§ WHAT THE TASK REQUIRES:
Reproduce all the entries exactly and keep the pictures out.
==== SOURCE MATERIAL ====
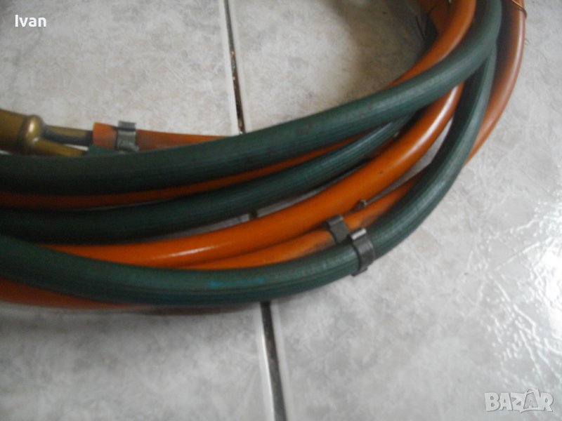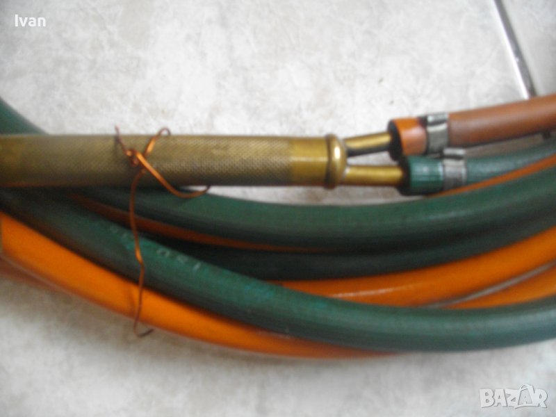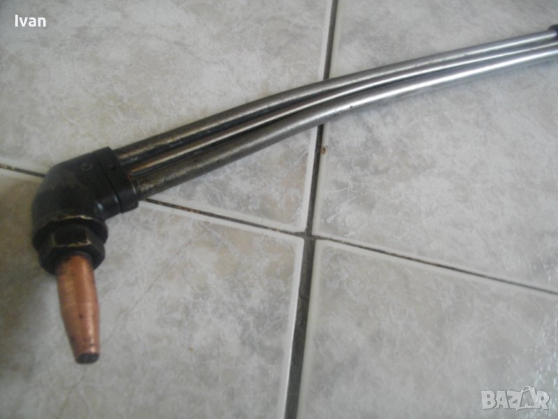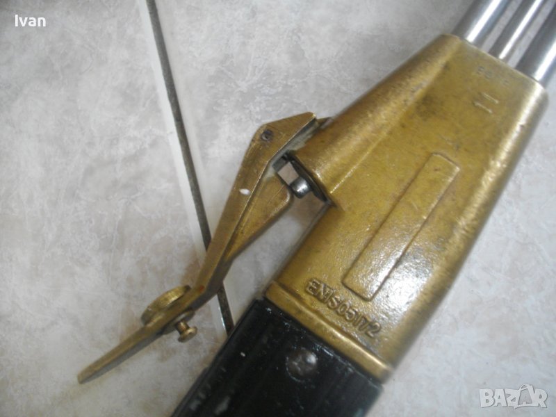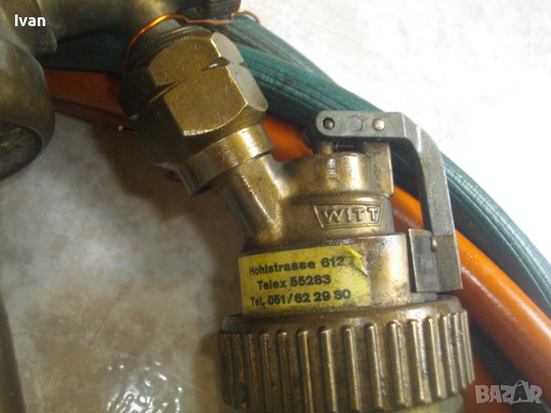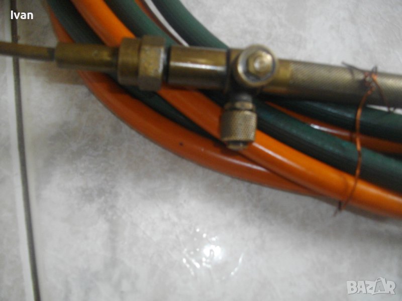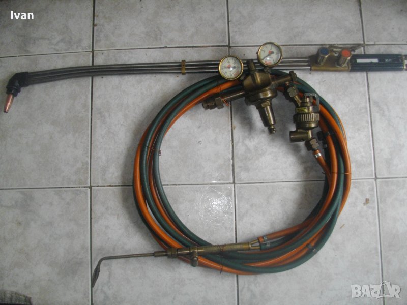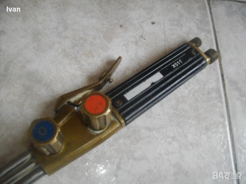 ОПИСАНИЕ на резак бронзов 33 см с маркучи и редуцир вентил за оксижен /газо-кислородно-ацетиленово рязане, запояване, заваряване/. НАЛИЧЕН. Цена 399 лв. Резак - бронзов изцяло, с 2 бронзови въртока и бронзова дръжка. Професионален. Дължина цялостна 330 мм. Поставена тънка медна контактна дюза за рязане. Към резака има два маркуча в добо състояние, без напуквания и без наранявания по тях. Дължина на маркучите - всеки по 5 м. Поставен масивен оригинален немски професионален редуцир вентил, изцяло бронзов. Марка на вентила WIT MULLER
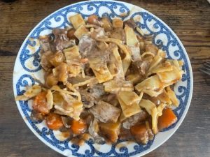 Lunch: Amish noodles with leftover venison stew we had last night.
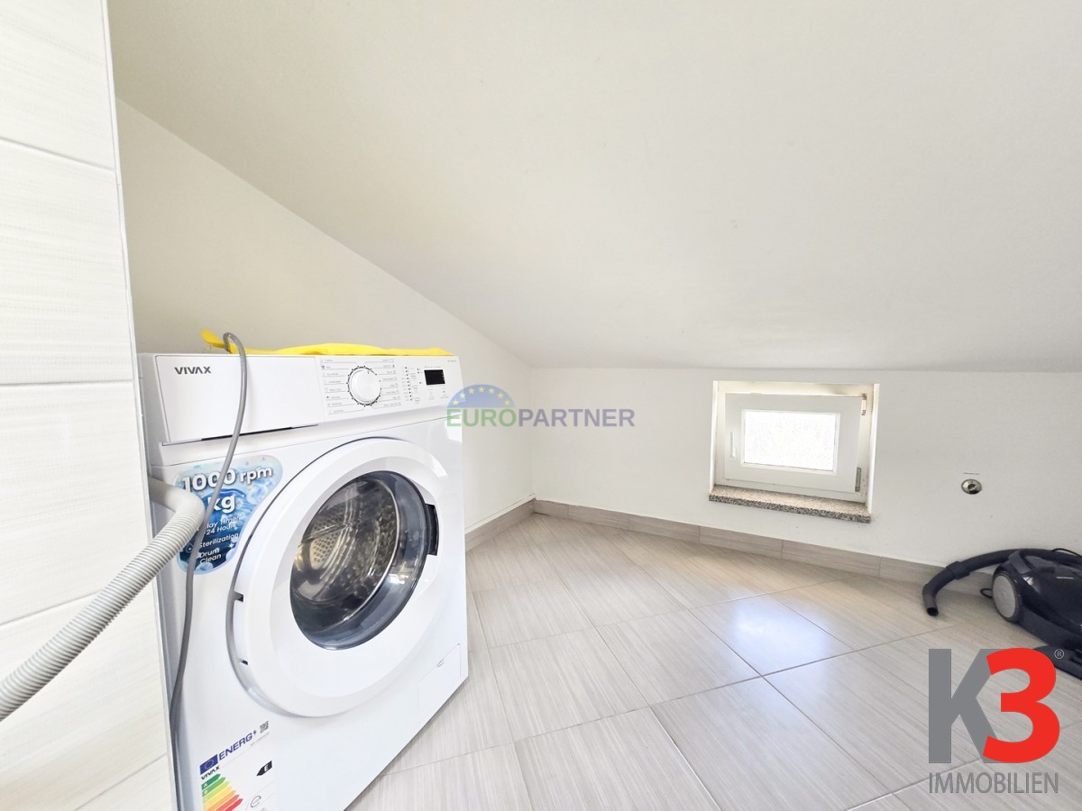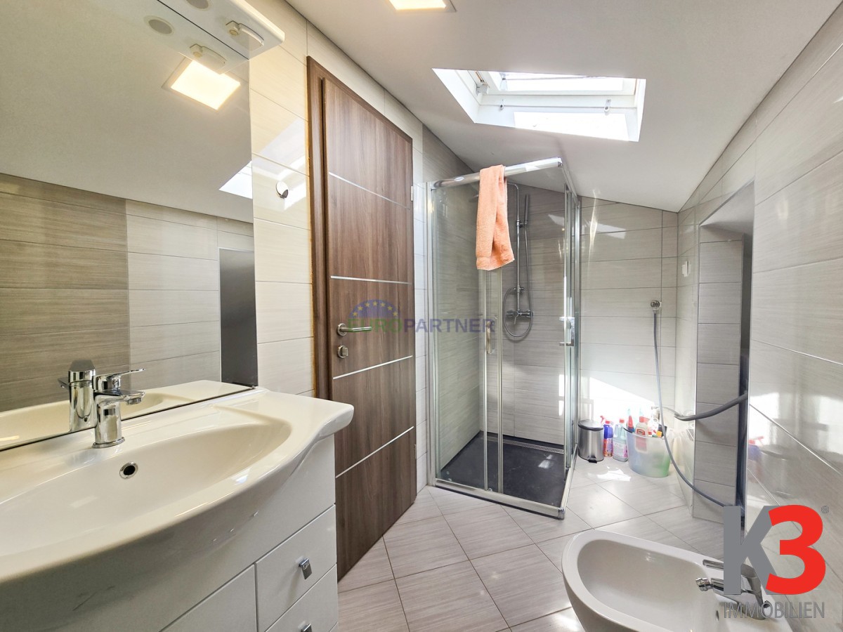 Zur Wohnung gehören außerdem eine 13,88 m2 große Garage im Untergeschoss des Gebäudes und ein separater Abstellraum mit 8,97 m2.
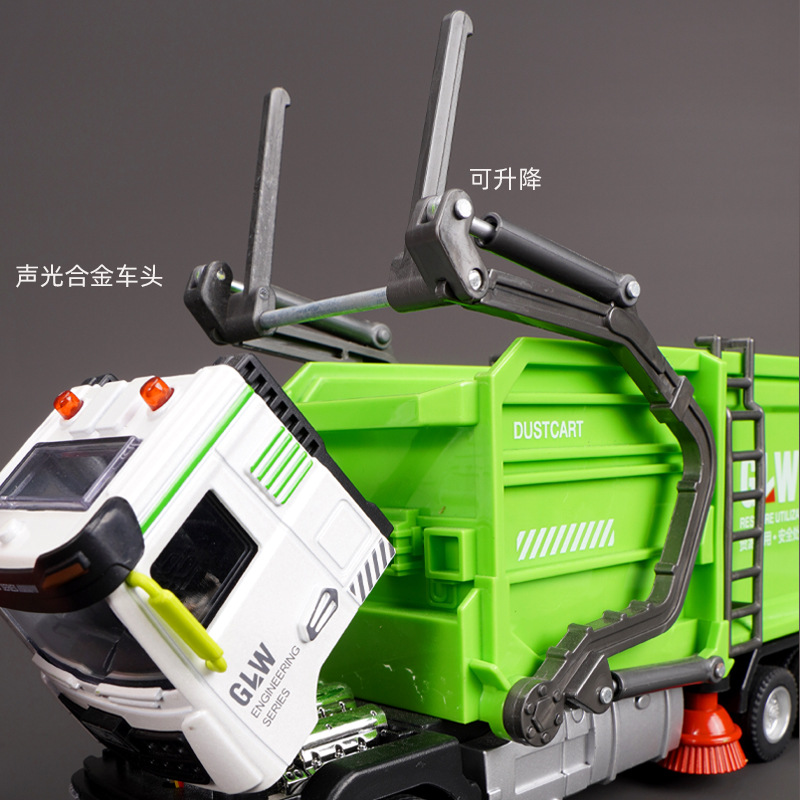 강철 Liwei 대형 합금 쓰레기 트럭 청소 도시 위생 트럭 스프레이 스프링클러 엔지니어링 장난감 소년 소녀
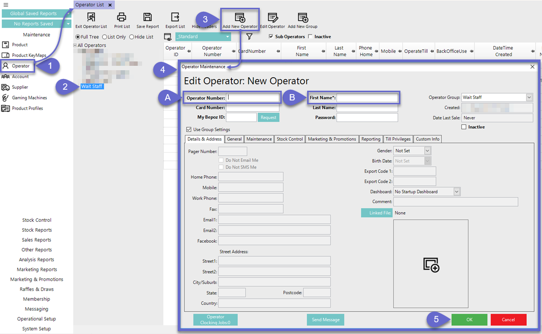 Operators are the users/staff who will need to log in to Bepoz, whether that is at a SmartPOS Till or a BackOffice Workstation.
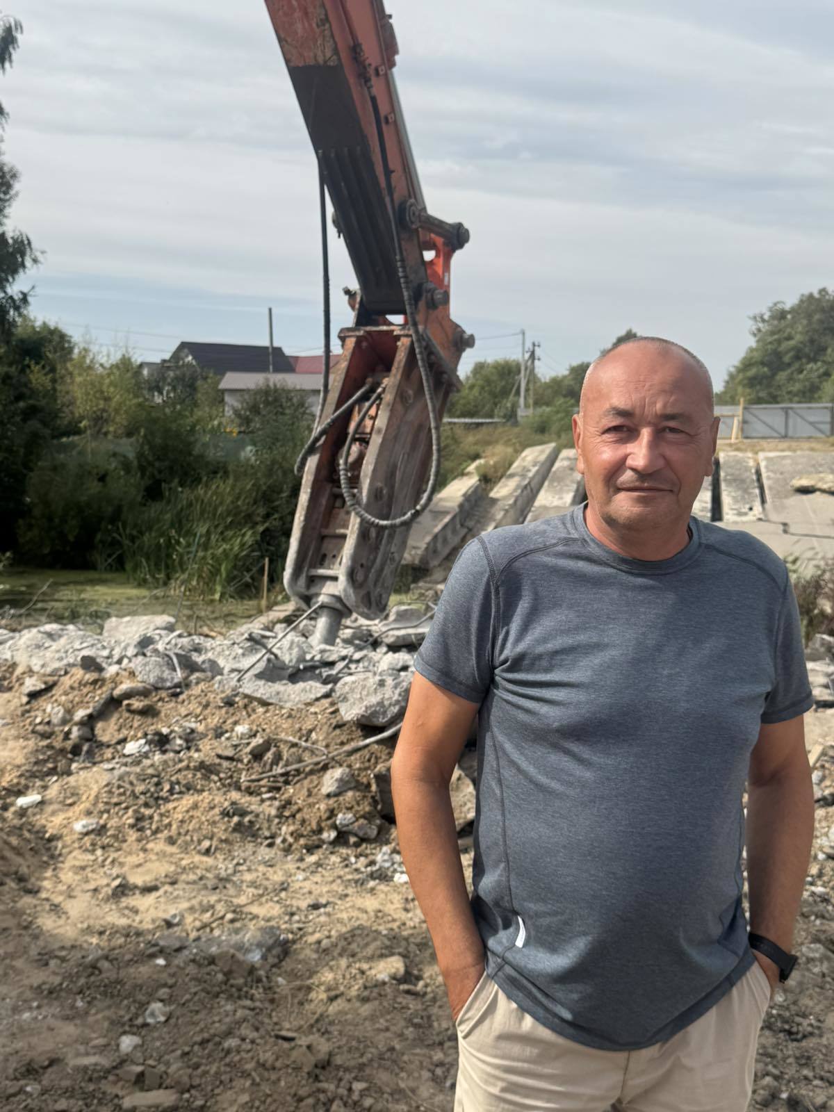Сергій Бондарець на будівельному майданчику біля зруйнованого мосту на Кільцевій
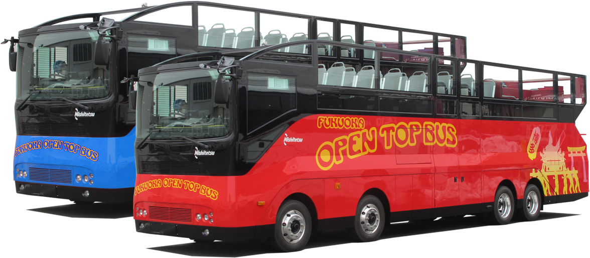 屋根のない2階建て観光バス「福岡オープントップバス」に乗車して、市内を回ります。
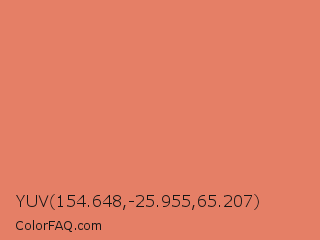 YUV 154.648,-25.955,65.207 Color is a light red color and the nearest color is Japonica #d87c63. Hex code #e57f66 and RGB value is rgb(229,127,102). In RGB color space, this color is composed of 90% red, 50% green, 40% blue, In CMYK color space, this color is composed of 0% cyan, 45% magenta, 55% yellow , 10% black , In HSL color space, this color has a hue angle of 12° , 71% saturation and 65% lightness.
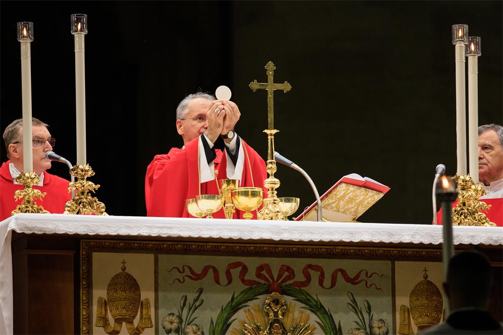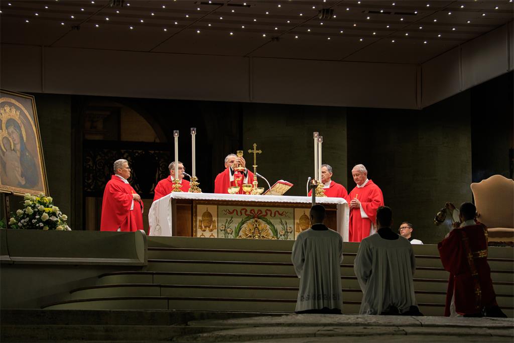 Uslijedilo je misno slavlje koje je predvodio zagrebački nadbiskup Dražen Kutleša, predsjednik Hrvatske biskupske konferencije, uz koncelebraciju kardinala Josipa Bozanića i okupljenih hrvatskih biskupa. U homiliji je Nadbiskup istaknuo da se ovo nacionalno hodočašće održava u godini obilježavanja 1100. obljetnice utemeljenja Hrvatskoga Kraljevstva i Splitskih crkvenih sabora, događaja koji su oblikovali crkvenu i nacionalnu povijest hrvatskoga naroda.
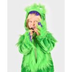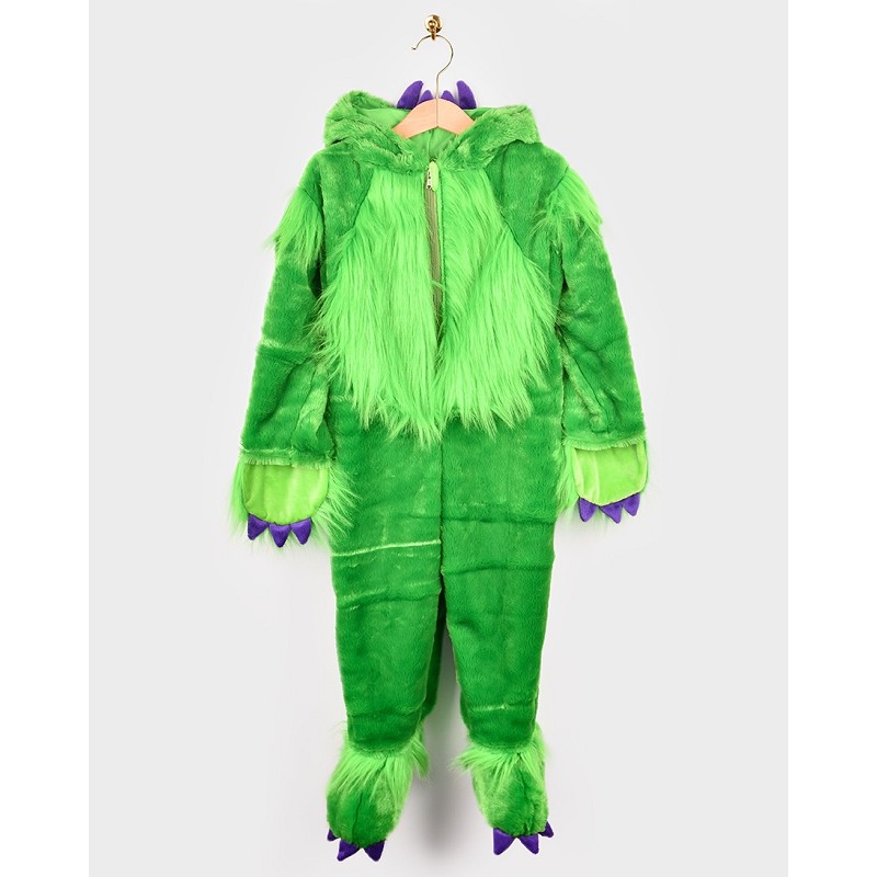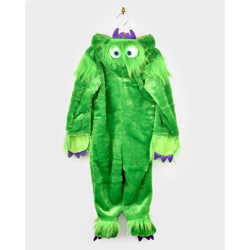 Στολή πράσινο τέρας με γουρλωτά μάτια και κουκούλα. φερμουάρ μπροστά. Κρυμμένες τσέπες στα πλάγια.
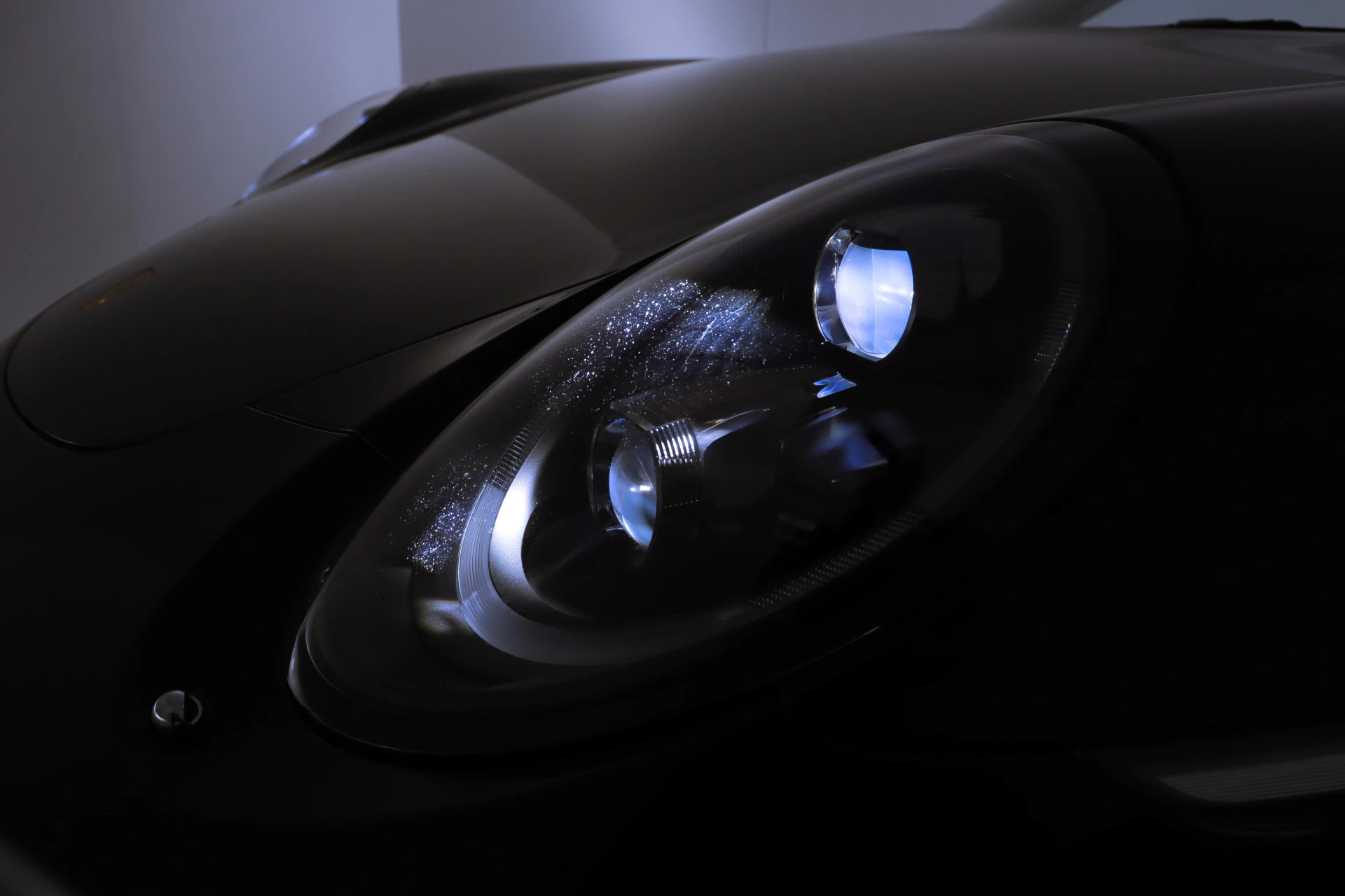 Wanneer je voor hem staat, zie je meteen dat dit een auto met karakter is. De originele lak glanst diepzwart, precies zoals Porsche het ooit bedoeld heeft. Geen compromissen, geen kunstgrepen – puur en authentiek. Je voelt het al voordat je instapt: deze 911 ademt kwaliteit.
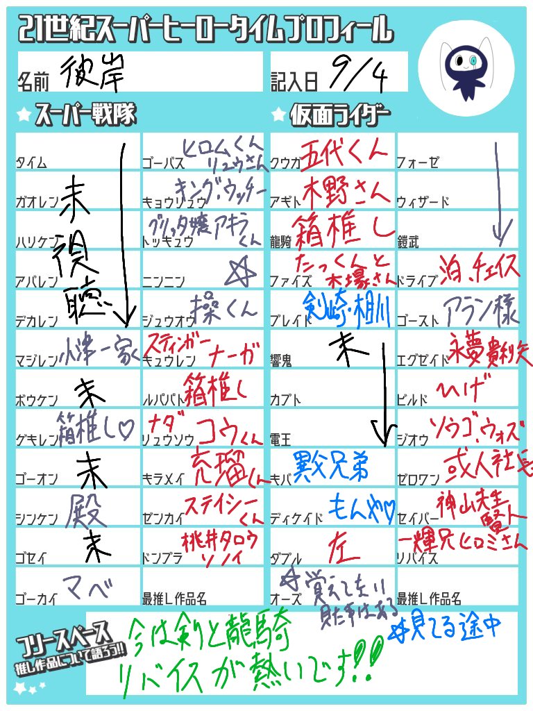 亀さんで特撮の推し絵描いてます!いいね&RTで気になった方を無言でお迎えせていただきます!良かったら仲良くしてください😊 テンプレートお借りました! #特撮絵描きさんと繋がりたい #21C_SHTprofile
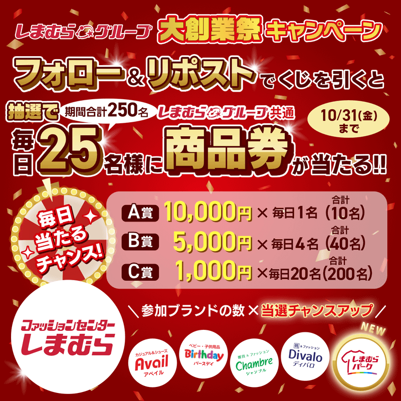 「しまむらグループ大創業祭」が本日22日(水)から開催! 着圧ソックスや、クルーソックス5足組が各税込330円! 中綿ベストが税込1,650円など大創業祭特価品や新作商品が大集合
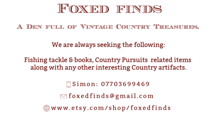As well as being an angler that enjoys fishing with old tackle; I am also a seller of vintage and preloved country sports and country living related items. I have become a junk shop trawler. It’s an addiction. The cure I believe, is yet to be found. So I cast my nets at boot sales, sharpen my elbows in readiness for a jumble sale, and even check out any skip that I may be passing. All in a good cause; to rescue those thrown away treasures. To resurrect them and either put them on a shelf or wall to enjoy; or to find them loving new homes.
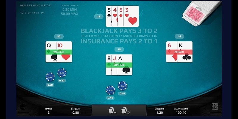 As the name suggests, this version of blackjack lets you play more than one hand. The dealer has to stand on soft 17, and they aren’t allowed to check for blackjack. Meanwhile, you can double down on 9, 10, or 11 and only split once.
====
§ EXERCISE SOLUTION:
 ОПИСАНИЕ на резак бронзов 33 см с маркучи и редуцир вентил за оксижен /газо-кислородно-ацетиленово рязане, запояване, заваряване/. НАЛИЧЕН. Цена 399 лв. Резак - бронзов изцяло, с 2 бронзови въртока и бронзова дръжка. Професионален. Дължина цялостна 330 мм. Поставена тънка медна контактна дюза за рязане. Към резака има два маркуча в добо състояние, без напуквания и без наранявания по тях. Дължина на маркучите - всеки по 5 м. Поставен масивен оригинален немски професионален редуцир вентил, изцяло бронзов. Марка на вентила WIT MULLER
 Lunch: Amish noodles with leftover venison stew we had last night.
 Zur Wohnung gehören außerdem eine 13,88 m2 große Garage im Untergeschoss des Gebäudes und ein separater Abstellraum mit 8,97 m2.
 강철 Liwei 대형 합금 쓰레기 트럭 청소 도시 위생 트럭 스프레이 스프링클러 엔지니어링 장난감 소년 소녀
 Operators are the users/staff who will need to log in to Bepoz, whether that is at a SmartPOS Till or a BackOffice Workstation.
Сергій Бондарець на будівельному майданчику біля зруйнованого мосту на Кільцевій
 屋根のない2階建て観光バス「福岡オープントップバス」に乗車して、市内を回ります。
 YUV 154.648,-25.955,65.207 Color is a light red color and the nearest color is Japonica #d87c63. Hex code #e57f66 and RGB value is rgb(229,127,102). In RGB color space, this color is composed of 90% red, 50% green, 40% blue, In CMYK color space, this color is composed of 0% cyan, 45% magenta, 55% yellow , 10% black , In HSL color space, this color has a hue angle of 12° , 71% saturation and 65% lightness.
 Uslijedilo je misno slavlje koje je predvodio zagrebački nadbiskup Dražen Kutleša, predsjednik Hrvatske biskupske konferencije, uz koncelebraciju kardinala Josipa Bozanića i okupljenih hrvatskih biskupa. U homiliji je Nadbiskup istaknuo da se ovo nacionalno hodočašće održava u godini obilježavanja 1100. obljetnice utemeljenja Hrvatskoga Kraljevstva i Splitskih crkvenih sabora, događaja koji su oblikovali crkvenu i nacionalnu povijest hrvatskoga naroda.
 Στολή πράσινο τέρας με γουρλωτά μάτια και κουκούλα. φερμουάρ μπροστά. Κρυμμένες τσέπες στα πλάγια.
 Wanneer je voor hem staat, zie je meteen dat dit een auto met karakter is. De originele lak glanst diepzwart, precies zoals Porsche het ooit bedoeld heeft. Geen compromissen, geen kunstgrepen – puur en authentiek. Je voelt het al voordat je instapt: deze 911 ademt kwaliteit.
 亀さんで特撮の推し絵描いてます!いいね&RTで気になった方を無言でお迎えせていただきます!良かったら仲良くしてください😊 テンプレートお借りました! #特撮絵描きさんと繋がりたい #21C_SHTprofile
 「しまむらグループ大創業祭」が本日22日(水)から開催! 着圧ソックスや、クルーソックス5足組が各税込330円! 中綿ベストが税込1,650円など大創業祭特価品や新作商品が大集合
As well as being an angler that enjoys fishing with old tackle; I am also a seller of vintage and preloved country sports and country living related items. I have become a junk shop trawler. It’s an addiction. The cure I believe, is yet to be found. So I cast my nets at boot sales, sharpen my elbows in readiness for a jumble sale, and even check out any skip that I may be passing. All in a good cause; to rescue those thrown away treasures. To resurrect them and either put them on a shelf or wall to enjoy; or to find them loving new homes.
 As the name suggests, this version of blackjack lets you play more than one hand. The dealer has to stand on soft 17, and they aren’t allowed to check for blackjack. Meanwhile, you can double down on 9, 10, or 11 and only split once.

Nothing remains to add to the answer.